Reshaping epigenomic landscapes facilitated bread wheat speciation

Polyploidization is a driving force of wheat (Triticum aestivum) evolution and speciation, yet its impact on epigenetic regulation and gene expression remains unclear. Here, we constructed a high-resolution epigenetic landscape across leaves, spikes, and roots of hexaploid wheat and its tetraploid and diploid relatives. Inter-species stably expressed genes exhibited conserved amino acid sequences under strong purifying selection, while dynamically expressed genes were linked to species-specific adaptation. During hexaploidization, dominant D-subgenome homoeolog expression was suppressed via reduced activating epigenetic signals, converging expression with the A and B subgenomes.

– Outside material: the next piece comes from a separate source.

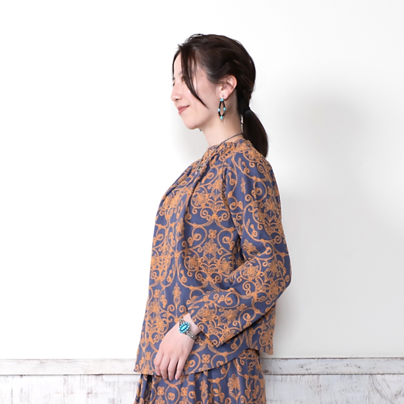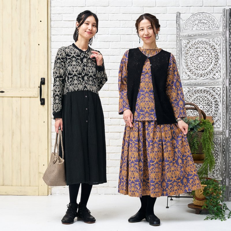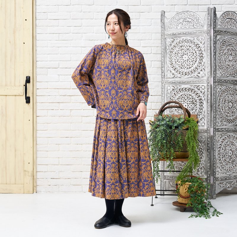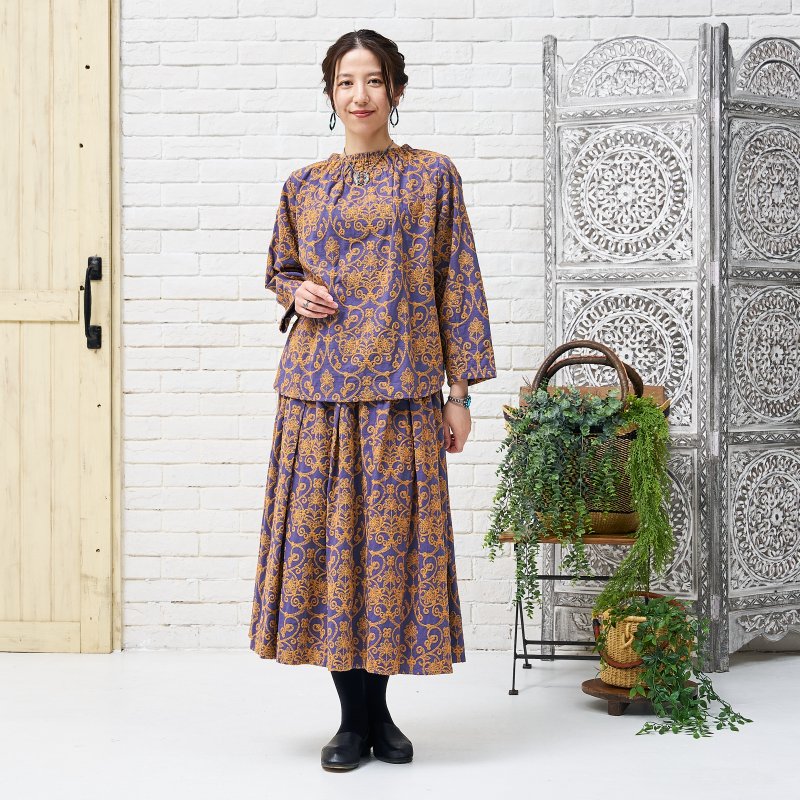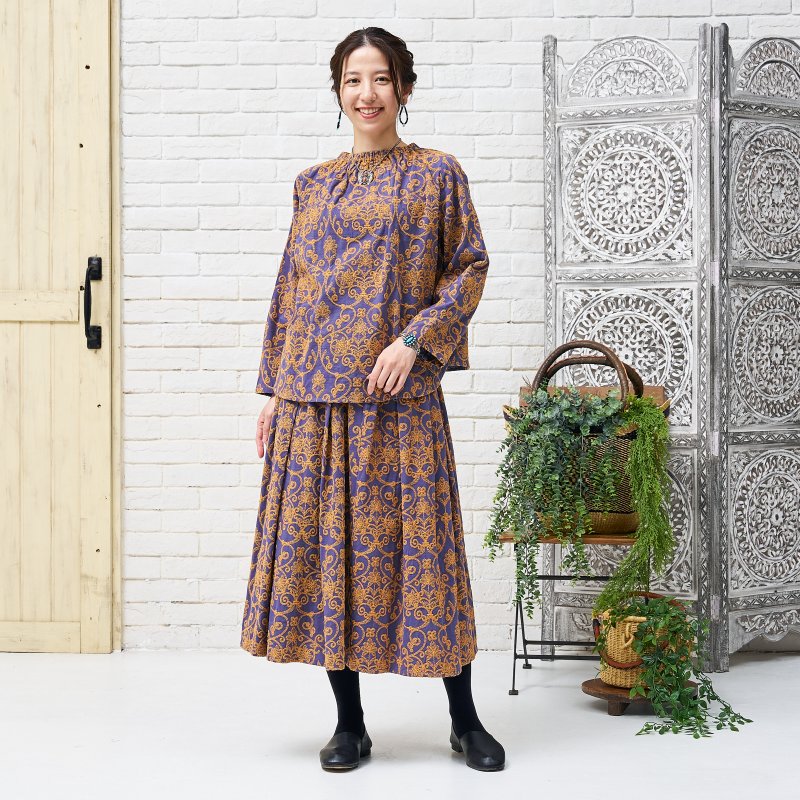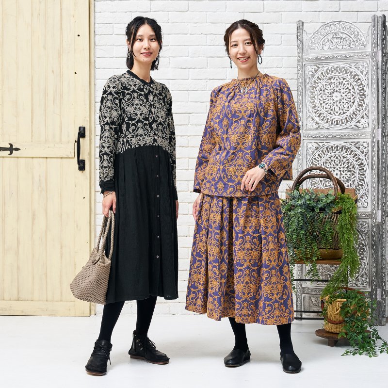 豪華な配色刺繍がフェミニンな装いを引き立ててくれるプルオーバー。細かく繊細な刺繍が全体に施され、上品さをプラス。生地のベースカラーと刺繍のカラー配色が印象的なアイテム。襟はゴム入りのギャザーになっているので、着脱しやすい仕様になっています。同シリーズのスカートとセットアップで合わせたり、大人なエスニックコーデが楽しめるデザインです。

Proximal chromatin regions near genes were more stable, whereas distal regions, particularly distal cis-regulatory elements (dCREs) regulated by H3K27ac and H3K4me3, exhibited higher dynamism. Sequence variations in these dCREs led to differential gene regulation, influencing traits such as spike development. For instance, the two haplotypes of the DENSE AND ERECT PANICLE (TaDEP-B1) dCRE region resulted in significant differences in its expression and spikelet numbers. We also observed a coevolution of transcription factors and their binding sites, particularly within the expanded ERF family, which regulates spike morphology. This study highlights the interplay between sequence variation and epigenetic modifications in shaping transcriptional regulation during wheat speciation, offering valuable insights for genetic improvement.